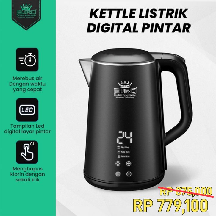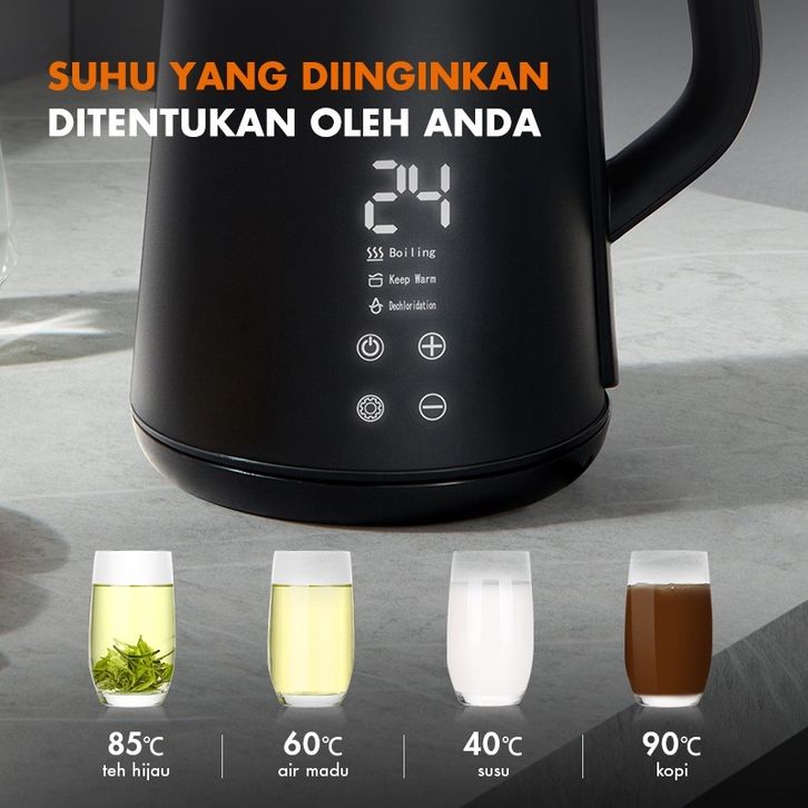 Teko Listrik Stainless 1.6 Liter Kettle Layar Sentuh 1500w - Pemanas Air Stainless Steel Electric Kettle Digital Screen
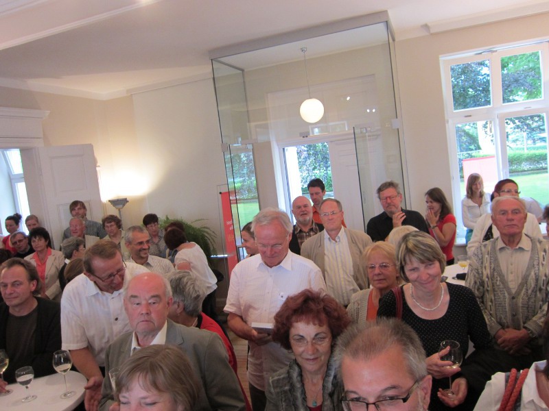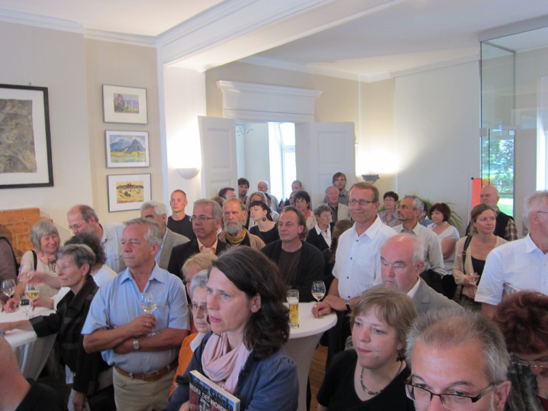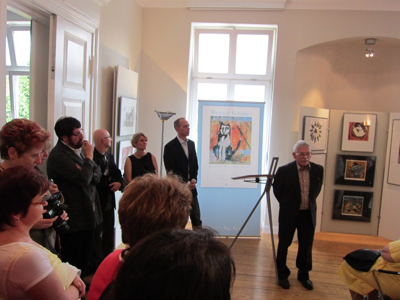 Bei kühlen Getränke (es war ein warmer Sommertag), einem kleinen Imbiss, einem Stapel Bücher und einer begleitenden Schinko-Ausstellung wurde vorgestellt, laudatiert und viel über den Künstler und sein Werk geredet. Es gab gute Gespräche, es wurden Bücher gekauft, von Werner Schinko signiert und ein gut gelauntes Publikum verließ spät Abends den Ort des Geschehens im ehemaligen "Bürgermeisterhaus", den heutigen Studioräumen der Firma optimal media production.
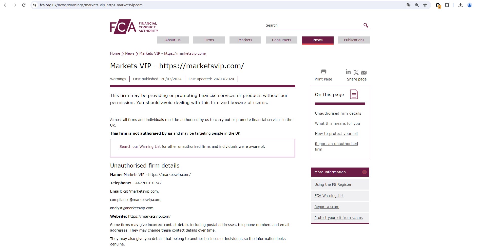 And the FCA issued a warning that Markets VIP was providing financial services or products in the UK without authorisation.

* **Exercise goal**: In the listing above, find the line containing "Bei kühlen Getränke" and restate it and every later line verbatim, with the pictures left out.

* **Response to this exercise**:
 Bei kühlen Getränke (es war ein warmer Sommertag), einem kleinen Imbiss, einem Stapel Bücher und einer begleitenden Schinko-Ausstellung wurde vorgestellt, laudatiert und viel über den Künstler und sein Werk geredet. Es gab gute Gespräche, es wurden Bücher gekauft, von Werner Schinko signiert und ein gut gelauntes Publikum verließ spät Abends den Ort des Geschehens im ehemaligen "Bürgermeisterhaus", den heutigen Studioräumen der Firma optimal media production.
 And the FCA issued a warning that Markets VIP was providing financial services or products in the UK without authorisation.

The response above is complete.